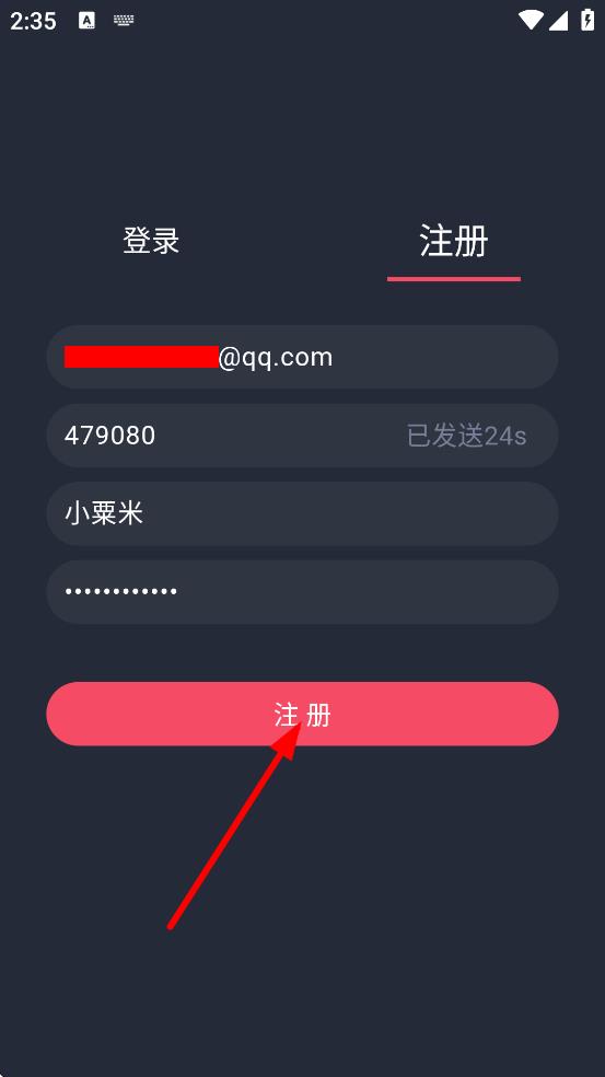 3、在注冊界面,填寫郵箱、驗(yàn)證碼、昵稱、密碼等信息,點(diǎn)擊注冊。
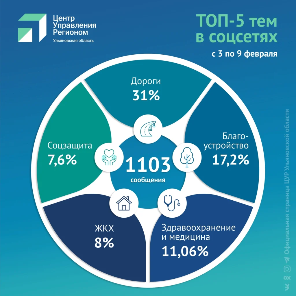 Центр управления регионом Ульяновской области публикует топ-5 обращений жителей в соцсетях с 3 по 9 февраля.
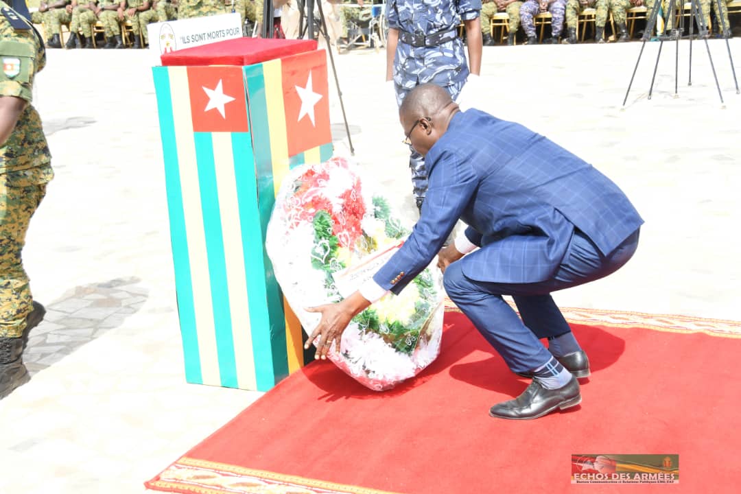 Des prières ont ensuite été dites par les aumôniers catholique et musulman pour le repos des âmes des soldats tombés, le prompt rétablissement des blessés et le réconfort des familles endeuillées. Dans cette même logique, le Ministre de l’Administration territoriale, de la Gouvernance locale et des Affaires coutumières, M. Awaté Hodabalo, a procédé au dépôt de gerbes en hommage aux militaires disparus.

════

EXERCISE PROMPT: Write out again, word for word, the lines from the one holding "Центр управления регионом" through the final line of the listing, including both ends but no pictures.

WORKED SOLUTION:
 Центр управления регионом Ульяновской области публикует топ-5 обращений жителей в соцсетях с 3 по 9 февраля.
 Des prières ont ensuite été dites par les aumôniers catholique et musulman pour le repos des âmes des soldats tombés, le prompt rétablissement des blessés et le réconfort des familles endeuillées. Dans cette même logique, le Ministre de l’Administration territoriale, de la Gouvernance locale et des Affaires coutumières, M. Awaté Hodabalo, a procédé au dépôt de gerbes en hommage aux militaires disparus.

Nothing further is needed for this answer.